For the purposes of these operators, a pointer to an object that is not an element of an array behaves the same as a pointer to the first element of an array of length one with the type of the object as its element type.

We know thus that ix is pointing to an array of size one. And even constructing a pointer to beyond the length (except the off by one) is Undefined Behavior, let alone dereferencing it.

Which leads me to interpret that is indeed not allowed.

Answer 5

It would be UB. As established in that other question, the static_assert can test for possible padding in a conformant way. So yes the 4 members of the struct are indeed consecutively allocated.

But the real problem is that consecutive allocation is necessary but not enough to constitute an array. Even if I could not find a clear reference for it in C standard, objects cannot overlap during their lifetime - this is more clearly explicited in C++ standard. They can be members of an aggregate (struct or array) but aggregates are not allowed to overlap. This is coherent with the response to Defect Report #017 dated 10 Dec 1992 to C89 cited by Antti Haapala in its answer to the proposed duplicate.

Even if C has no new statement, allocated storage has has the particular property of having no declared type. That allows to create dynamically objects in that storage, but the lifetime of an allocated object ends when an object of a different type is created at its address. So even in allocated memory we cannot have at the same time both an array and a struct.
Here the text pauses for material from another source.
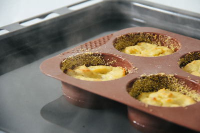6In ein tiefes Blech Wasser füllen. Die Muffinförmchen auf da Blech mit Wasser stellen und im Ofen bei 180 Grad Ober- Unterhitze etwa 40 Minuten backen.

According to Lundin's answer, type punning through an union between an array and a struct should work, because a (non normative) note says

If the member used to read the contents of a union object is not the same as the member last used to store a value in the object, the appropriate part of the object representation of the value is reinterpreted as an object representation in the new type

and both type will have same representation: 4 consecutive integers

Without unions, an way to iterate through members of an array would be at the byte level because 6.3.2.3 Conversions/Pointers says:

7 ... When a pointer to an object is converted to a pointer to a character type, the result points to the lowest addressed byte of the object. Successive increments of the result, up to the size of the object, yield pointers to the remaining bytes of the object.

char *p = q;
for (i=0; i<4; i++) {
    int *ix = (int *) (p + i * sizeof(int));  // Ok: points to the expected int member
    *ix = i;
}

But pointer arithmetics on non character types to iterate over members of a struct is UB simply because individual members of a struct cannot be at the same time members of an array.